Proactive Congestion Avoidance under Network Dynamics

  • Hongqiang (Harry) Liu | Yale

Latency sensitive applications, such as search, online games and video conferences, are rapidly growing and increasingly rely on cloud network infrastructures to deliver their traffic smoothly. However, the traffic distributions on cloud networks are constantly evolving due to dynamics like updates in network devices (e.g. firmware upgrades), changes in applications (e.g. VM migrations) and various kinds of faults (e.g. configuration/link/device failures), resulting in a significant risk of congestion. Congestion hurts customer experience and ultimately leads to a loss of revenues for cloud service providers.

In this talk, I will present two concepts in traffic management for proactively protecting the dynamic networks from congestion: Smooth traffic Distribution Transition (SDT) and Forward Fault Correction (FFC). SDT supports updating the routing rules in a network to achieve a traffic distribution that satisfies requirements from operators without causing congestion. For example, before rebooting a switch, an operator will drain the switch first. SDT provides a common functionality that is needed during diverse types of network updates. The key challenge to realize SDT is from the inherent difficulty in synchronizing the changes to many devices, which may lead to unforeseen transient link load spikes or even congestion. I present one primitive, zUpdate, which performs SDT via multi-step and progressive network re-configuration planning.

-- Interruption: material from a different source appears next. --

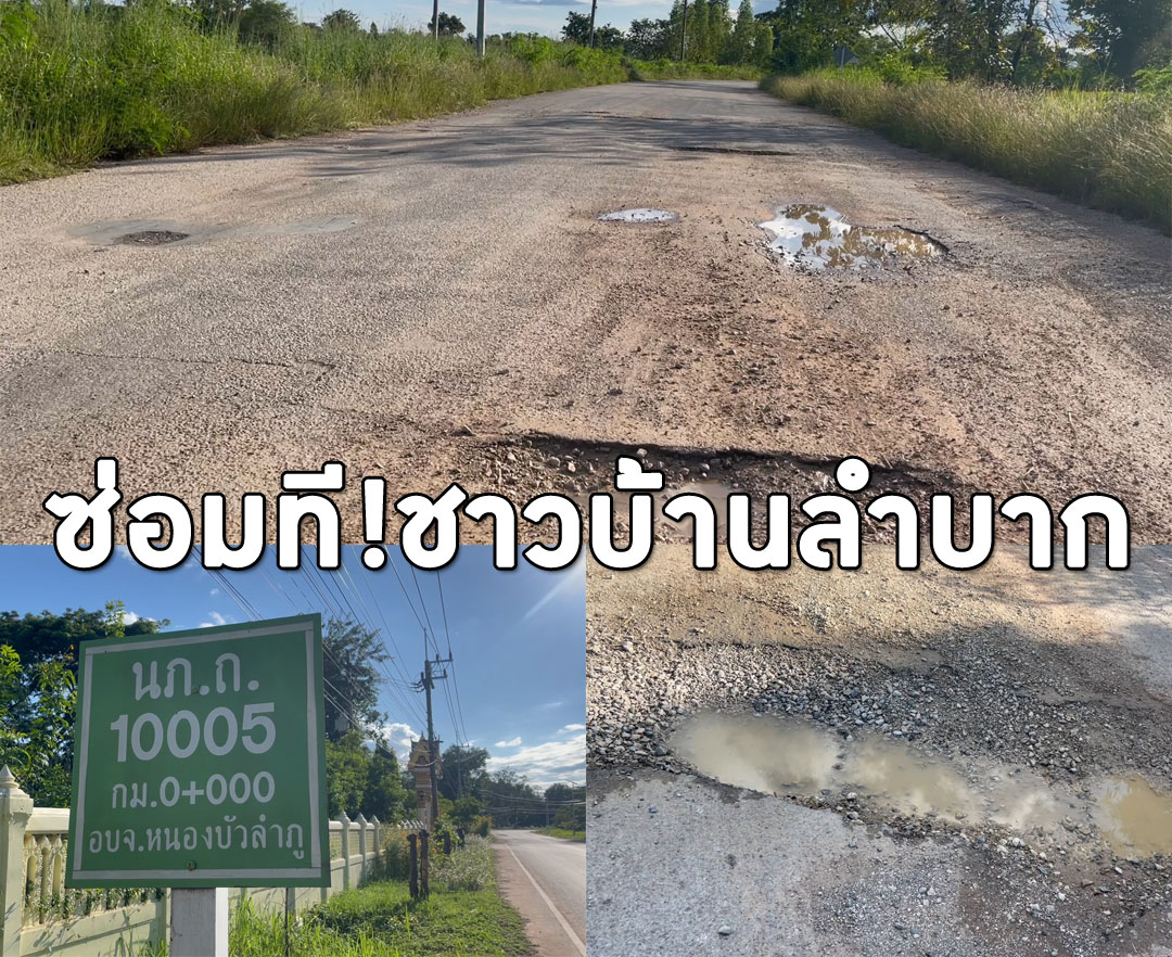 เดือดร้อนกันมานานถนนพังไม่มีใครซ่อม ช่วยทีที่หน้าวัดป่าศรีสว่างถึงบ้านพร้าว

While SDT addresses predictable updates, cloud networks also face unpredicted challenges such as link failures and high switch-configuration delays that can cause heavy congestion and packet loss. To address this challenge, I propose FFC which spreads network traffic such that freedom from congestion is guaranteed under arbitrary combinations of up to k faults. FFC encodes the constraints that arise from the large number of possible fault cases and solves them efficiently using a “sorting network”.

Speaker Details

Hongqiang (Harry) Liu is a Ph.D. candidate in the Department of Computer Science at Yale University, advised by Prof. David Gelernter. Before joining Yale, he received his Master’s and Bachelor’s degrees from the Department of Electronic Engineering,Tsinghua University, Beijing. His research interest spans many aspects of networking, including software-defined networking (SDN), traffic engineering, content delivery networks (CDN), and peer-to-peer (P2P) applications. He is particularly interested in designing cloud network infrastructures and algorithms to improve performance of data centers and clouds, as well as reducing the burden of network operators. He is a recipient of the Cascadia Innovation Fellowship.